You could say that the computer was invented twice – once by Babbage and once by Alan Turing. While Babbage’s machine was supposed to be a practical thing, Turing’s was just a machine of the mind. It was invented not to compute tables of numbers but to solve problems in logic and to probe the limits of computation and human thought. ...


In Grammar and Torture we look at every computer science student’s nightmare – formal grammar and meet the idea of a hierarchy of machines, ranging from the simple finite state machine to the Turing machine, which corresponds to different complexities of language, computer or human. This is interesting but it also raises the question of what a Turing machine is and why did anyone every bother to think up such an idea? While a Turing machine does have connections with grammar and languages it is so much more. But to start at the beginning…

Tapes and Turing machines

In a nutshell a Turing machine is a finite state machine with the ability to read and write data to a tape. Although we have looked at finite state machines before, a quick reminder is in order. Essentially a finite state machine consists of a number of states – finite naturally! When a symbol, a character from some alphabet say, is input to the machine it changes state in such a way that the next state depends only on the current state and the input symbol.

You can represent a finite state machine in a form that makes it easier to understand and think about. All you have to do is draw a circle for every state and arrows that show which state follows for each input symbol. For example, the finite state machine in the diagram has three states. If the machine is in state 1 then an A moves it to state 2 and a B moves it to state 3.

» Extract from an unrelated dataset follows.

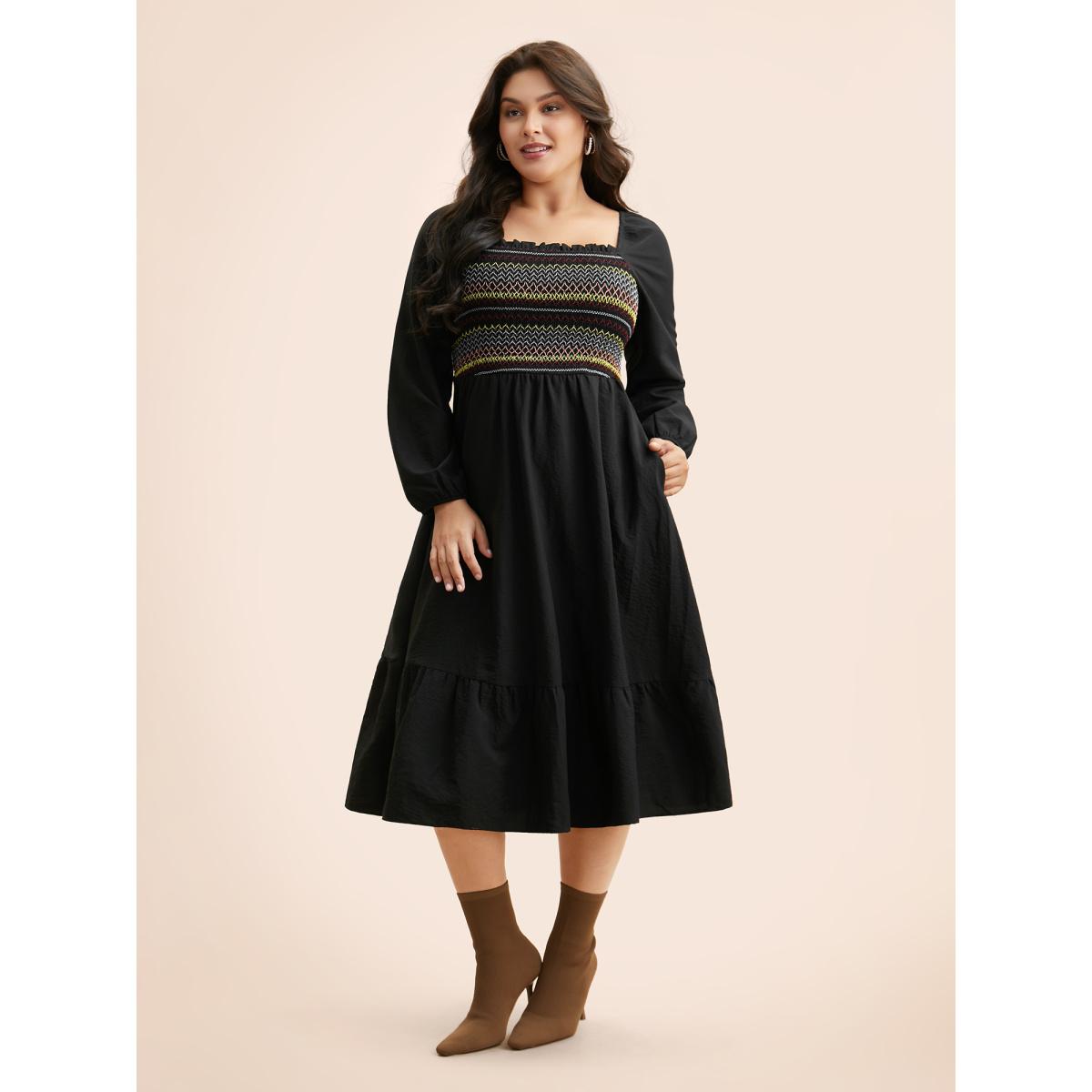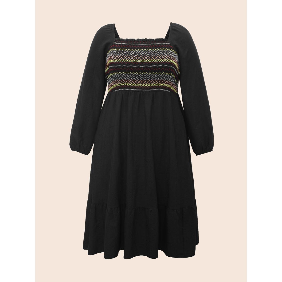Plus Size Colored Striped Shirred Frill Trim Dress Black Women Elegant Topstitching Square Neck Long Sleeve Curvy BloomChic 14-16/1X

A three-state finite state machine

A Turing machine is a finite state machine that has an unlimited supply of paper tape that it can write on and read back. There are many formulations of a Turing machine, but essentially the machine reads a symbol from the tape, which is used as an input to the finite state machine. This takes the input symbol and according to it and the current state that it does three things:

1) it prints something on the tape
2) moves the tape right or left by one cell
3) changes to a new state

Halting

A Turing machine can also perform a special action – it can stop or halt – and surprisingly it is this behaviour that attracts a great deal of attention. For example, a Turing machine is said to recognise a sequence of symbols written on the tape if it is started on the tape and halts in a special state called a final state. What is interesting about this idea is that there are sequences that a Turing machine can recognise that a finite state machine can’t. For example, a finite state machine can recognise a sequence that has three As followed by three Bs e.g. AAABBB and so can a Turing machine. But only a Turning machine can recognise a sequence that has an arbitrary number of As followed by the same number of Bs. This at first seems very odd but a little thought reveals it to be quite reasonable, obvious even! To discover if the number of Bs is the same as the number of As you have to do something that is equivalent to counting them, or at least matching them up, and given there can be arbitrarily many As before you ever see a B you need unlimited storage to count or match them up. The finite state machine doesn’t have unlimited storage but the Turing machine does in the form of its tape!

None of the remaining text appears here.